Los músicos empezaban a hacer sus pruebas “1, 2,
3, probando”, mientras la cherada empezaba alinearse en
la cola de le entrada del Telvis, sin buchinches, ni gritoleras,
sino como unos auténticos corderitos. A eso de las 10,
la cosa empezó a tronar. Dentro, los cheros empezaron a
salir de todas partes, de sus mesas, de la barra, de las sillas,
incluso de los baños con los pantalones medio abrochados,
dispuestos a no perderse ni una sola pieza sin bailar. Salieron
dispuestos a darlo y dejarlo todo en la pista de baile: la suela
de los zapatos, los tacones, el alma y hasta la piel en la pista
de madera del Telvis. Salieron con la energía de esos potros
cuando salen a los rastrojos llenos de pasto verde después
de largas semanas de estar encerrados en los establos. Salieron
relucientes, con sus crines brillantes y sus colores de gala,
dispuestos a disfrutar al máximo entre la música,
el ambiente y la cherada.

La ocasión no era para menos. Era una causa
noble y había que estar alegre con los nuestro ahí,
en un espacio casi de familia, con aroma a Intipucá. Los
cheros se balanceaban para pedirles a las chamacas “gusta
de un baile, preciosa, muñeca,” o como decía
algún que otro, medio americano “would like to step
in the dance floor with me”. Las respuestas, claro esta,
de toda la muchachada, como es normal en estas ocasiones, eran
sobre todo, “vapues, ésta sí”. Auque
alguna que otra, como es de esperar, alguna estiradita que siempre
se deja aparecer, era algo así como “no, no puedo,
estoy cansada”. Por lo demás, todo era bastante placentero
y agradable.
La cherada se hizo camino hasta el Telvis en busca
de placer, del sano, y las expectativas se cumplieron: se llegó
a la máxima recaudación que permitía el local,
los 200 usuarios, con una recaudación de 2,000 USD. Así
pues la noche transcurrió como estaba previsto: mucha movida
de cuerpos en la pista de baile y máxima recaudación
para los bachis de Intipucá. Aunque dicen que la nota del
“highlight” la puso la invitada de honor, la “repected
spouse” del Master. Con su vestido color café tafetán
brillante, de una sola pieza, bien pegadito al cuerpo, bordado
de negro en la parte superior y los laterales al lado del abdomen,
parecía un miembro de la realeza inglesa, mas concretamente
a your majesty, Camille Parker-Bowles. Sin embrago, otros dicen
que parecía una vampiresa con una elegancia de condesa,
¡realmente no sé dónde esta la diferencia!

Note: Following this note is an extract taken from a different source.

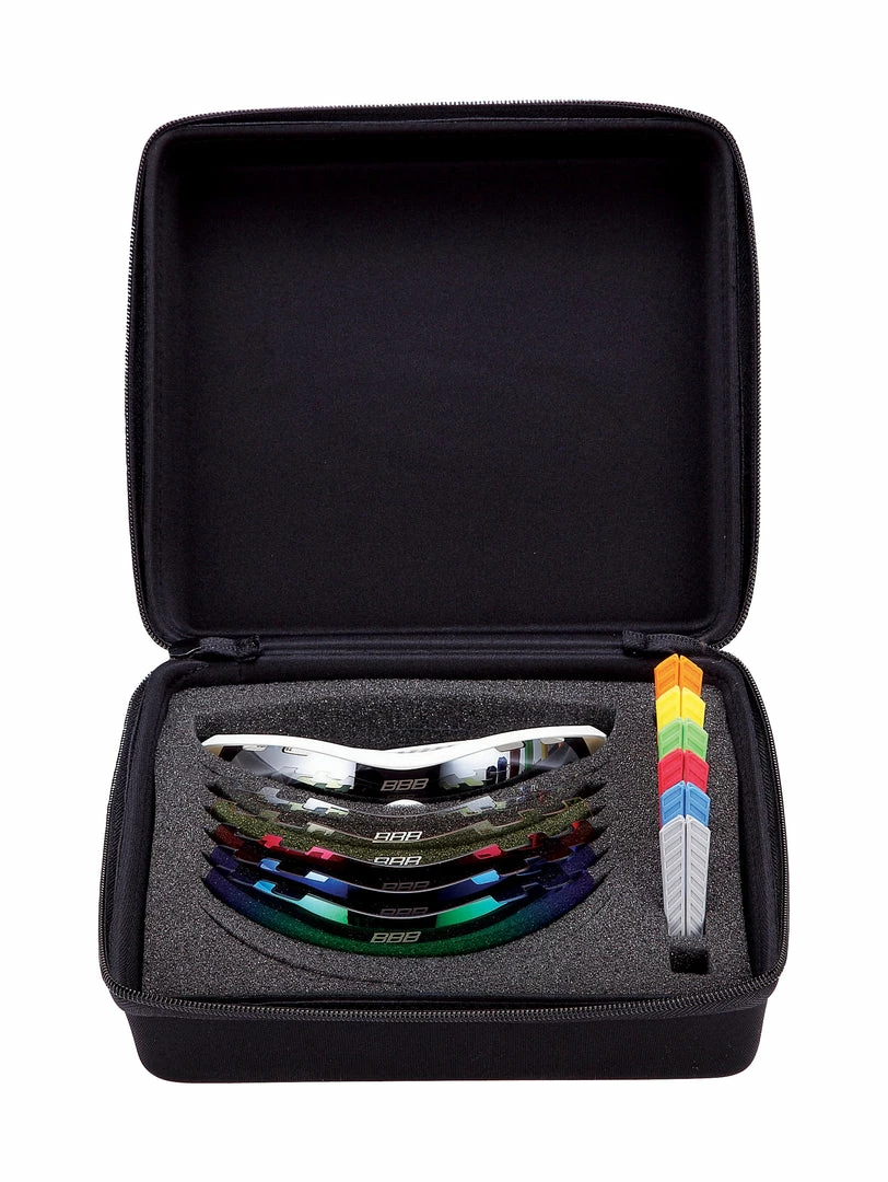 Complete case comes with 6 different lenses and 7 temple tip colours.

Como siempre, los sueltos de lengua, dicen que
ella estaba “muy solicitada” y en distintas ocasiones,
se vio abrumada por la tremenda solicitud de la cherada para bailar
con ella, ya que por lo visto el master estaba hasta arriba atareado
con los vueltos del cambio y la avalancha de gente que se le venia
encima en la entrada. En cualquier caso la “gran dama de
honor” supo estar a la altura. Algo que, por otro lado,
a ella no se le da mal. Ella ya sabe navegar en este tipo de mareas,
y al final no hubo ninguna gran sorpresa, ni secándolo.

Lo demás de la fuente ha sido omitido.